But that’s closer to the end of the story, and we need to start at the beginning. So Ashley takes us back to when he first joined the Kelpies.

"I was living in Brisbane and moved back to Sydney after this girl I was in love with fell in love with my best friend", he begins. "I’d played in a couple of cover bands but no punk or original stuff yet. I had a few English punk singles and an older mate played me Iggy Pop saying "What a rip off!" and complaining that things weren’t as good as they were in 1971!"

"My early influences were AC/DC and Rose Tattoo who I went and saw as a little kid. Mind blowing and life changing. I got into punk from watching a national TV show here in oz called "Countdown". Ian Meldrum helped to get the show started and had a segment on the show. My earliest memory of punk is him referring to what was happening in New York with Richard Hell as street punk rock. Sounded good to me. I bought a few singles…Clash, Stranglers, etc. No one was into punk music amongst my friends in Brisbane at the time. It wasn’t until I was old enough to move out of home and moved back to Sydney and joined the Kelpies that punk exploded for me personally. "

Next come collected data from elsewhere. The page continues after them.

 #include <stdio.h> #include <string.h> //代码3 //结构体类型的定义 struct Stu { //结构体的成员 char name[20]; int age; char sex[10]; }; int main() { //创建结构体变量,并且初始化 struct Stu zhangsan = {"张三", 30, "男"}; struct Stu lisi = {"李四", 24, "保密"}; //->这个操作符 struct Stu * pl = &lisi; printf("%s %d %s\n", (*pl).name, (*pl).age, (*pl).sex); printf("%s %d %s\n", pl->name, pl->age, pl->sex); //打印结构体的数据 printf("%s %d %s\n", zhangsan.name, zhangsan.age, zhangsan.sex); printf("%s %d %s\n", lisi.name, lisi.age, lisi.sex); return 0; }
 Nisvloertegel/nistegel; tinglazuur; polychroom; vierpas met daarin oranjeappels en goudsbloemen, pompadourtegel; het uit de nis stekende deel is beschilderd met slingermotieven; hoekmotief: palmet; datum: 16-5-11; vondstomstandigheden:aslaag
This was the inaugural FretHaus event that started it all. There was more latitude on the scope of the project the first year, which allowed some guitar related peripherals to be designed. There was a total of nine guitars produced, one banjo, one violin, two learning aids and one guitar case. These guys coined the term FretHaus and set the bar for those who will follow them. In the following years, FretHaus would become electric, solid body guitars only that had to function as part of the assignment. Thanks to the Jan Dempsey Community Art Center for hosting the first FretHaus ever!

"My step sister in Sydney was going out with Brian Connelly (Kelpies guitarist) who before the Kelpies was in The Swankers, a Mosman High School punk band. I hung around my step sister and Brian all the time as I had no friends in Sydney, and I would go with Brian to Swankers rehearsals and occasionally sit in for a bash with them."

"For a bunch of 15 year olds these guys were very impressive. They wrote all their own songs, talked art and politics, had petite intellectual girlfriends, and cranked it up Saturday nights at the odd gig. Me being 18 at the time, and coming from a very low rent area of Brisbane (I guess you could say trash), these guys were a big influence on me. Not that they’d tried to be."

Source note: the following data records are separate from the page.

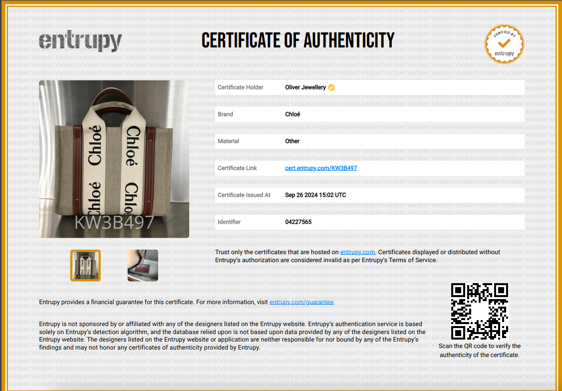 Dust Bag, Detachable Strap, Entrupy Certificate of Authenticity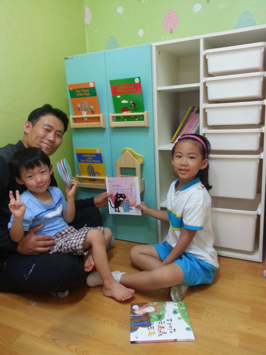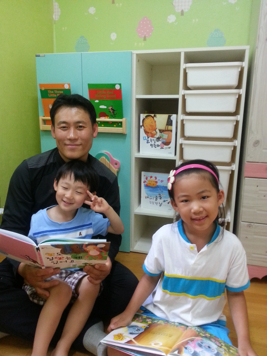 '모모로 톡톡'을 통해 책을 가까이 하는 시간이 더 늘어난 도윤군과 나은양 남매과 아빠 김상목씨와 함께 포즈를 취했다.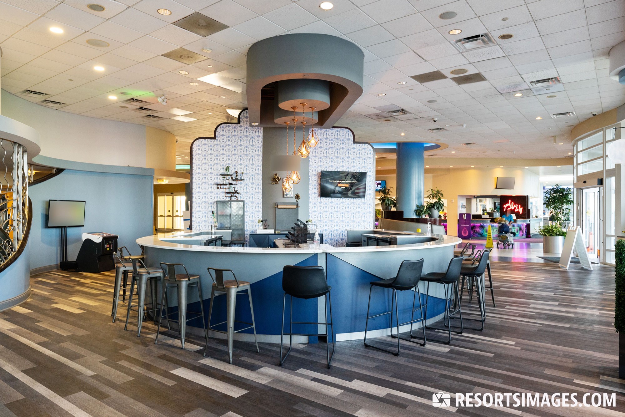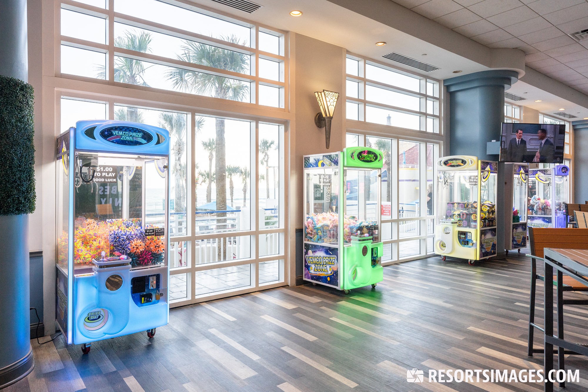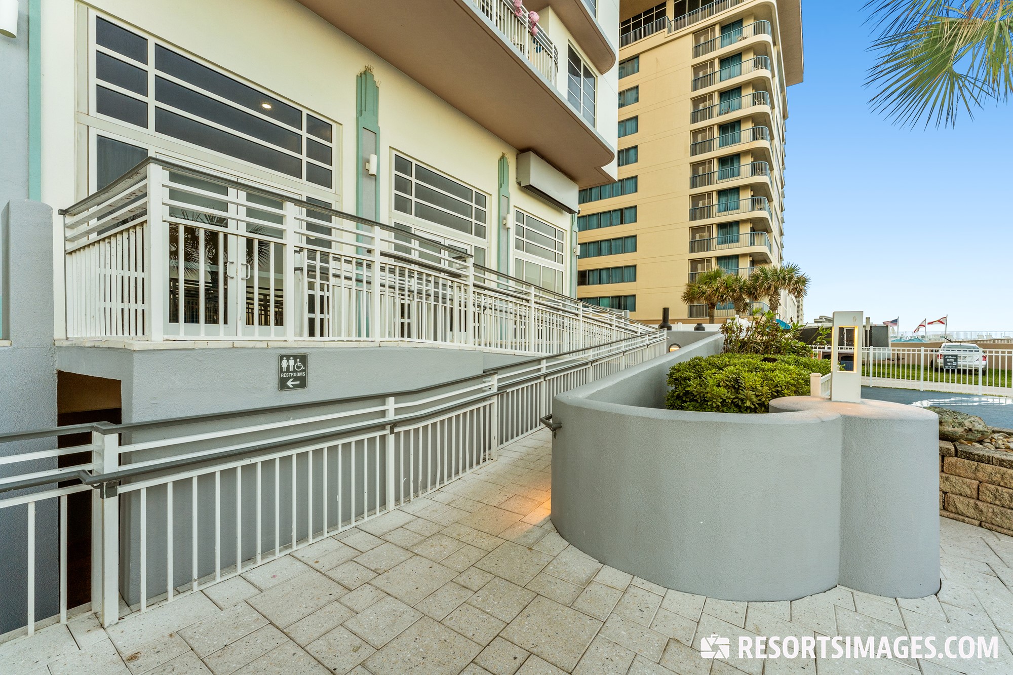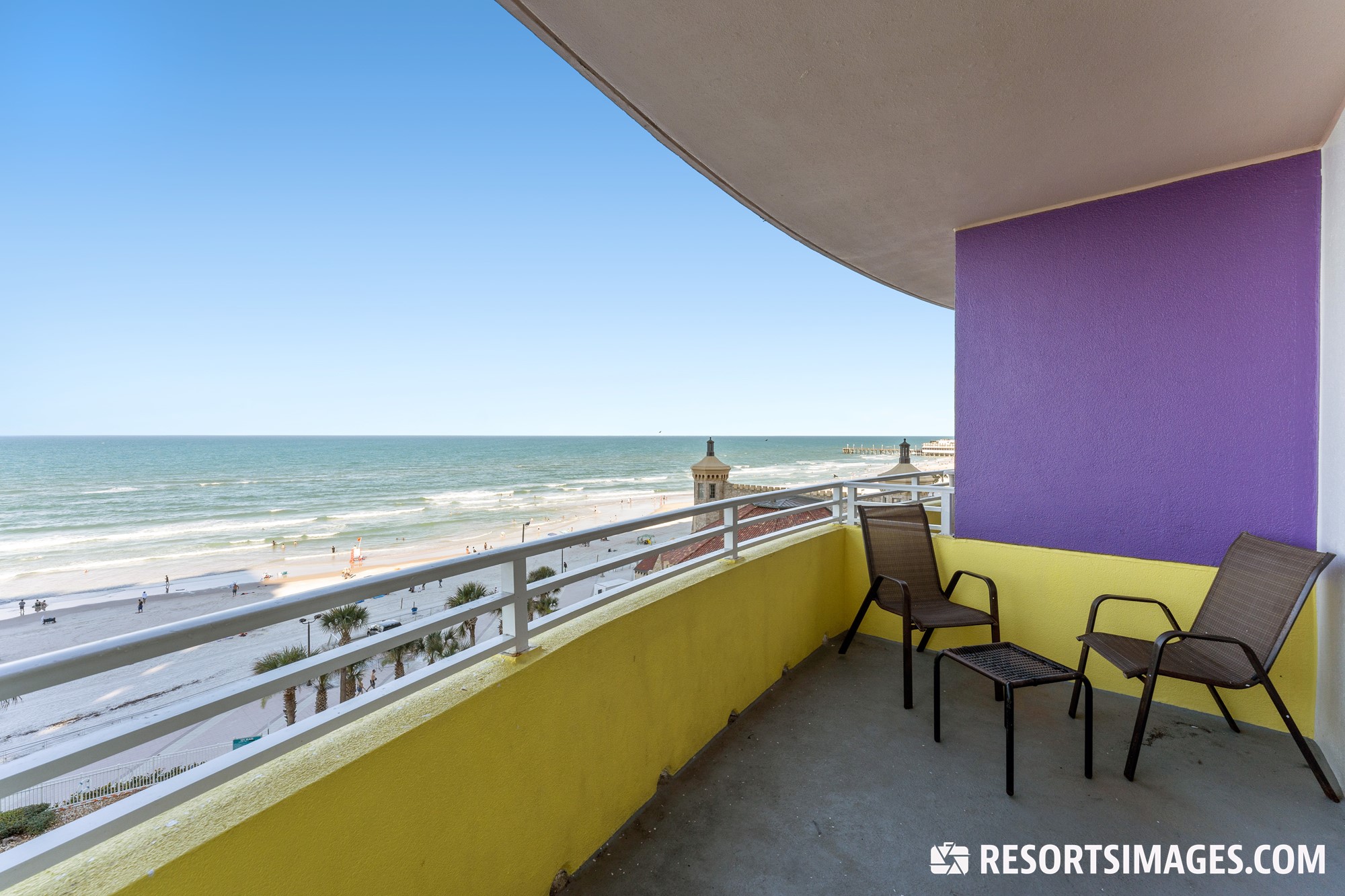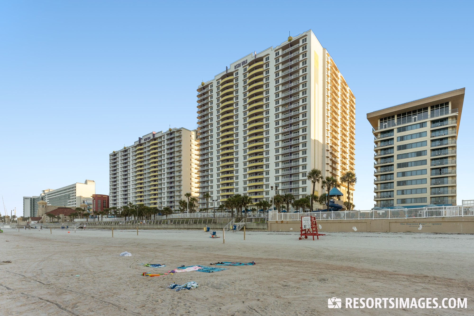 The *Wyndham Ocean Walk* resort is located directly on the beach with a full service food court, lobby bar, exercise room, indoor pool, arcade, gift shop, golf simulator, and activities center. You will also find an outdoor pool, Jacuzzi, lazy river, and water slide. The resort offers a full service banquet facility and in-house chef, and room service. Adjacent to the property is Daytona's newest Ocean Walk Shoppes and Theatres, Bandshell Amphitheater, and Boardwalk.

"Through Brian and my stepsister I started meeting and making new friends in Sydney. The music culture was so strong (for guitar bands) that I had a lot in common with people I met. I guess in any man’s language it’s growing up. I moved out of my aunt’s into the middle of the city, into Riley Street, Darlinghurst…the home of hookers, junkies, artists, derros (homeless alcoholics) and about 200 punks."

"One day Brian said that Mark Easton (from Suicide Squad) and Jim Atkins (Bedhogs) were starting a new band and they asked him to join. I have never been so jealous and envious. They didn’t have a drummer, so I hassled him to get me in for a tryout. Two weeks later I went along…I didn’t really look very punk; I had long hair, shorts, and wore wharfie singlets (as worn by Rose Tattoo). These guys blew me out. Mark Easton had a brand new Marshall stack (stack as in two quad boxes). They wrote all their material and had done about 50 or so gigs in Sydney, but they said my drumming was not good enough. I figured it was how I looked. Shit, they didn’t want a yobbo in the band, so the next day I cut all my hair off, brought the tightest black jeans I could find and the biggest black boots and managed to get another audition the next week."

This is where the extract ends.